▶ **THE TASK**: Exactly the lines below, starting with the one containing "Что касается самой" and going on through the one containing "The watch arrived", must be reproduced, both ends included, and no pictures with them.

(INPUT RECORDS begins)

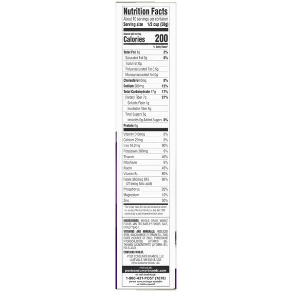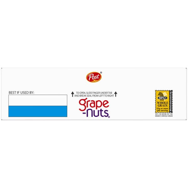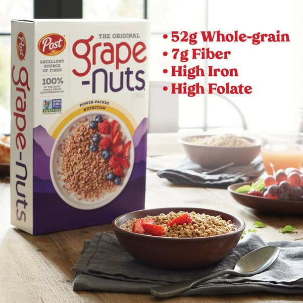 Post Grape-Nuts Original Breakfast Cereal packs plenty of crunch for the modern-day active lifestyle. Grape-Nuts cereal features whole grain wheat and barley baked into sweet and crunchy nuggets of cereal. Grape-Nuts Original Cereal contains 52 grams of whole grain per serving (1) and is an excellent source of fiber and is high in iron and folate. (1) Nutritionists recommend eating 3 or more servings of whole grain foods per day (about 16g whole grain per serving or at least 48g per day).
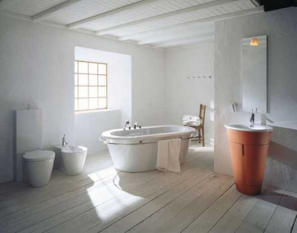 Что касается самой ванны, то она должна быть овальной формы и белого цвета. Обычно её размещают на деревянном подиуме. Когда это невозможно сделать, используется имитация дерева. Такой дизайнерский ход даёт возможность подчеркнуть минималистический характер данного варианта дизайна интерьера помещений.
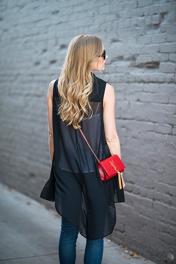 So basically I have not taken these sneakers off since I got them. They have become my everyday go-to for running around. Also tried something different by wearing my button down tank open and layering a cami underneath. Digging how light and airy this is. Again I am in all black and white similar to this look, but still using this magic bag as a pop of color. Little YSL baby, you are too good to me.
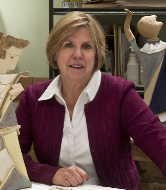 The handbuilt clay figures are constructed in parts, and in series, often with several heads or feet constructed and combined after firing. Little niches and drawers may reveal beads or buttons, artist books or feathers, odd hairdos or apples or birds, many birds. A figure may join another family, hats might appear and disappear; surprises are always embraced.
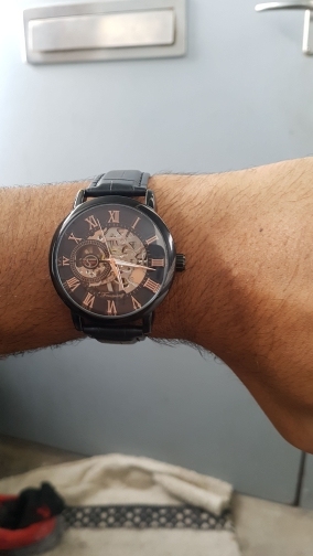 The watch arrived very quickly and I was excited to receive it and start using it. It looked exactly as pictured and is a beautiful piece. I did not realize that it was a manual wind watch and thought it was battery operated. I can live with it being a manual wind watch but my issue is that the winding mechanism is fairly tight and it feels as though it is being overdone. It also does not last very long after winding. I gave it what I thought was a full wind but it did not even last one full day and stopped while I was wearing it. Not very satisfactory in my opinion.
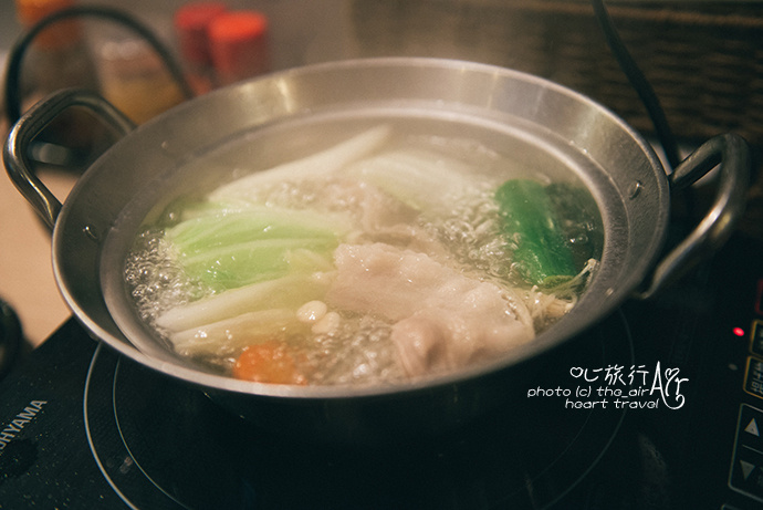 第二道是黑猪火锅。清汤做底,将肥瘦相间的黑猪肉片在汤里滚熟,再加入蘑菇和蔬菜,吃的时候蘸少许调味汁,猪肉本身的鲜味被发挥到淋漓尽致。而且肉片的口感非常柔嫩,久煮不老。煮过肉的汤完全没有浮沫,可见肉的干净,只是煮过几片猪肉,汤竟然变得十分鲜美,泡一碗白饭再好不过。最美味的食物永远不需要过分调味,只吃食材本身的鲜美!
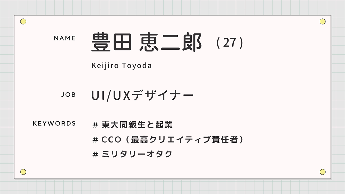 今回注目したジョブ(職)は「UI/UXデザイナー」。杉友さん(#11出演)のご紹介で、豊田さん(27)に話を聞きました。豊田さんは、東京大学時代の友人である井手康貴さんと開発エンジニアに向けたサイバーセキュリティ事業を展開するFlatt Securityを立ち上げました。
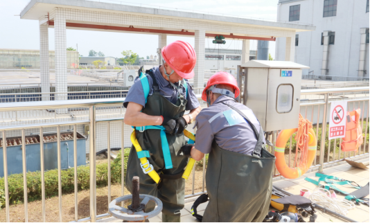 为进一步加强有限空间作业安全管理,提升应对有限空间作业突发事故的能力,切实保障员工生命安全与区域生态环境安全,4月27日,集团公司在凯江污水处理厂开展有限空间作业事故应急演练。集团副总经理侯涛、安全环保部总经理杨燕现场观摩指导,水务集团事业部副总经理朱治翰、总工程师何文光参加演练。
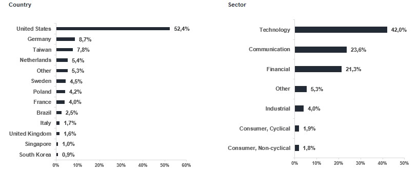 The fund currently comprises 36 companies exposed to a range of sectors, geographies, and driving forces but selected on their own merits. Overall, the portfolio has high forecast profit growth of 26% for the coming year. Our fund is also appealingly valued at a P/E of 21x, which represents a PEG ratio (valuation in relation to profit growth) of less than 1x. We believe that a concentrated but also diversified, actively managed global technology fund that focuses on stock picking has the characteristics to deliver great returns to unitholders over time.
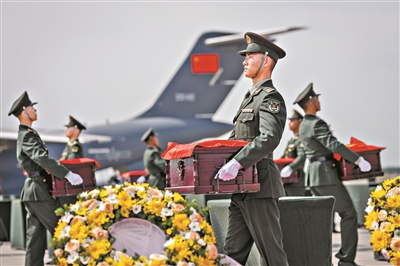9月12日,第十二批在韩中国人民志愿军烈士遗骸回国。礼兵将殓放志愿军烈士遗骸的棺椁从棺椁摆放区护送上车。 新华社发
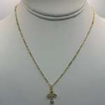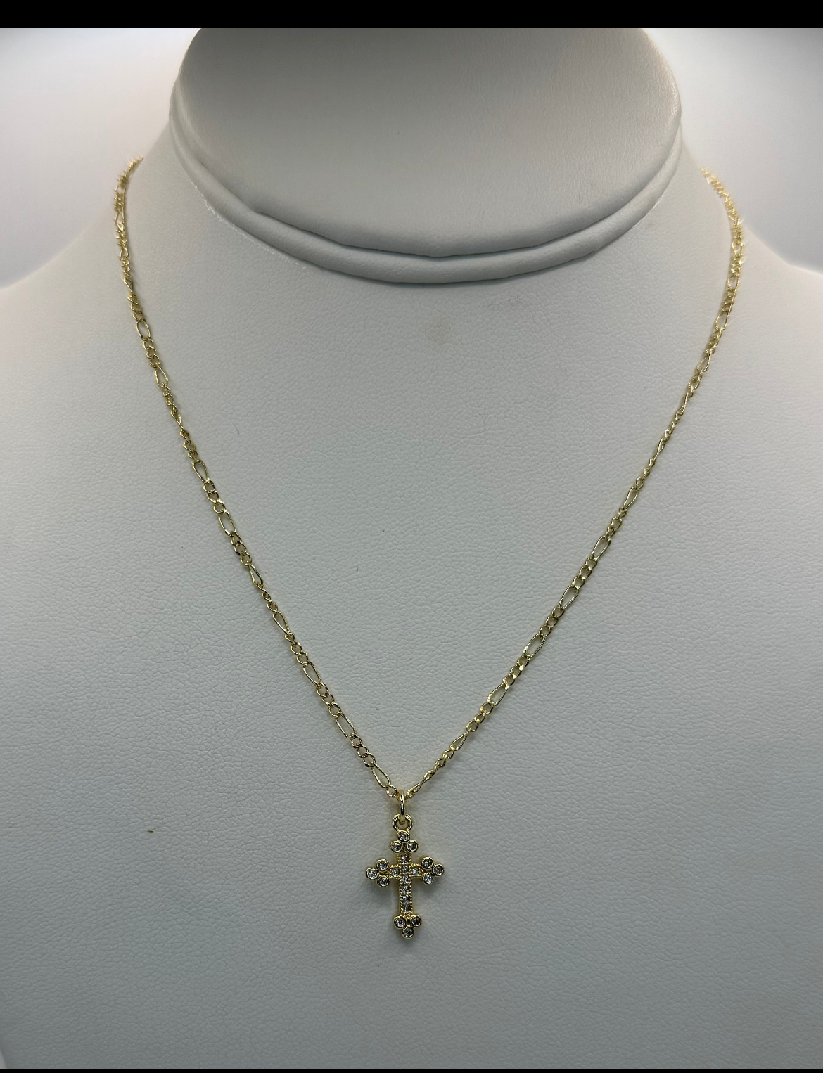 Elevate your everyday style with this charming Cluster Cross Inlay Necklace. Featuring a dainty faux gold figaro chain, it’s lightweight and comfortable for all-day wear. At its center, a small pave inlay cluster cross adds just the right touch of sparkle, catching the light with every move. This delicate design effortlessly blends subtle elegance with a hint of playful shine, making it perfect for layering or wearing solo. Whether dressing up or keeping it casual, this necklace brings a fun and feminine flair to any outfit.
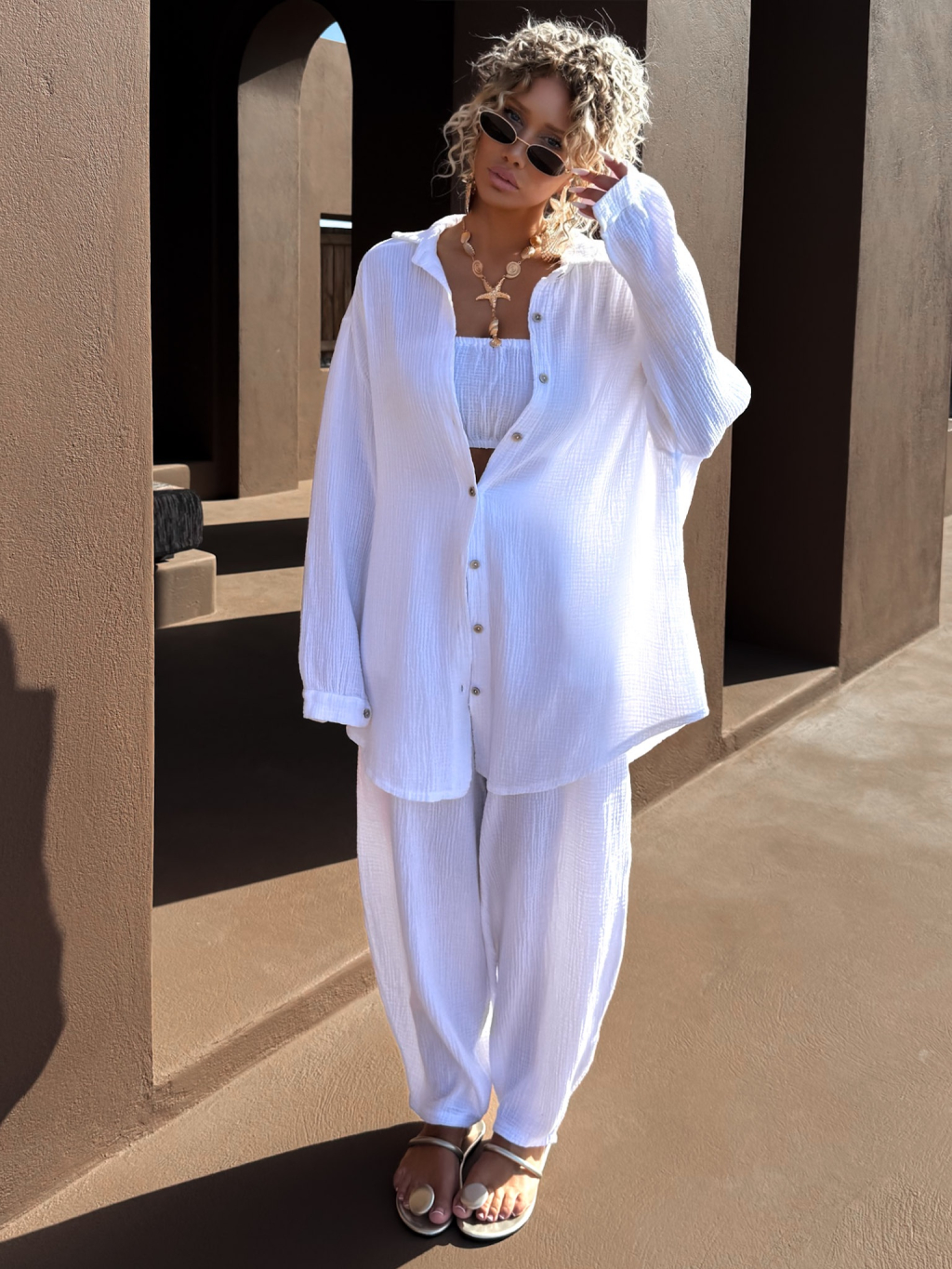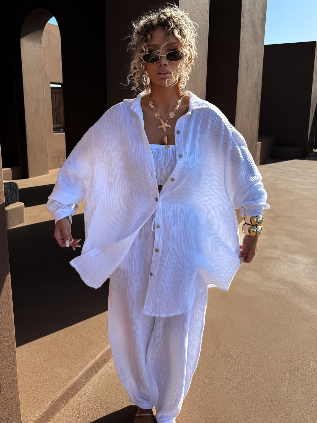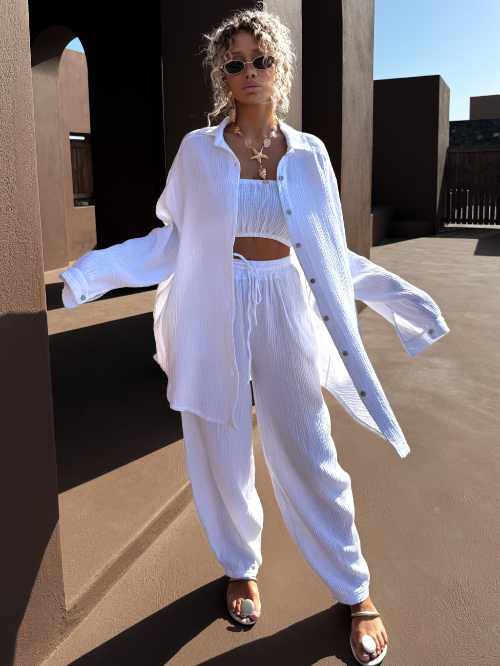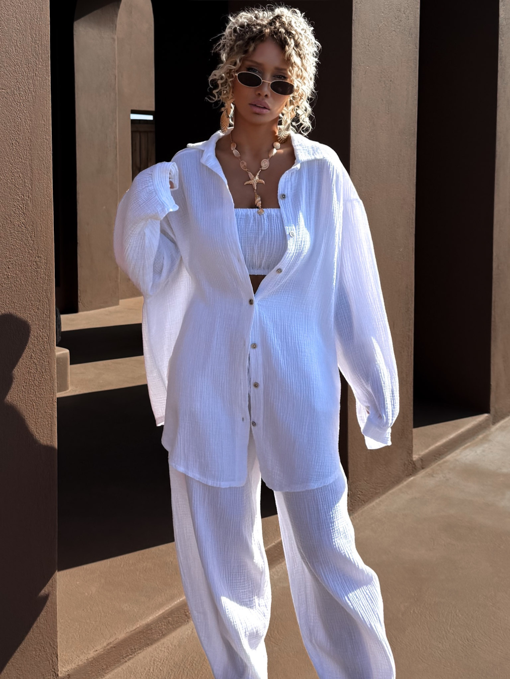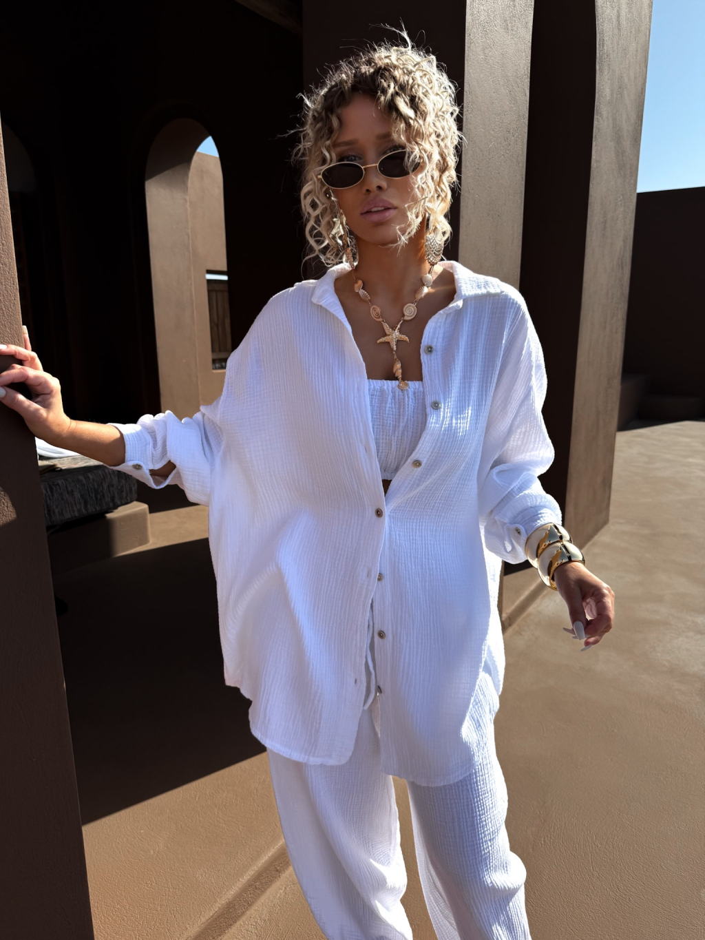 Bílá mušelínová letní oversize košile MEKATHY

(INPUT RECORDS ends)

▶ **RESPONSE TO THIS TASK**:
 Что касается самой ванны, то она должна быть овальной формы и белого цвета. Обычно её размещают на деревянном подиуме. Когда это невозможно сделать, используется имитация дерева. Такой дизайнерский ход даёт возможность подчеркнуть минималистический характер данного варианта дизайна интерьера помещений.
 So basically I have not taken these sneakers off since I got them. They have become my everyday go-to for running around. Also tried something different by wearing my button down tank open and layering a cami underneath. Digging how light and airy this is. Again I am in all black and white similar to this look, but still using this magic bag as a pop of color. Little YSL baby, you are too good to me.
 The handbuilt clay figures are constructed in parts, and in series, often with several heads or feet constructed and combined after firing. Little niches and drawers may reveal beads or buttons, artist books or feathers, odd hairdos or apples or birds, many birds. A figure may join another family, hats might appear and disappear; surprises are always embraced.
 The watch arrived very quickly and I was excited to receive it and start using it. It looked exactly as pictured and is a beautiful piece. I did not realize that it was a manual wind watch and thought it was battery operated. I can live with it being a manual wind watch but my issue is that the winding mechanism is fairly tight and it feels as though it is being overdone. It also does not last very long after winding. I gave it what I thought was a full wind but it did not even last one full day and stopped while I was wearing it. Not very satisfactory in my opinion.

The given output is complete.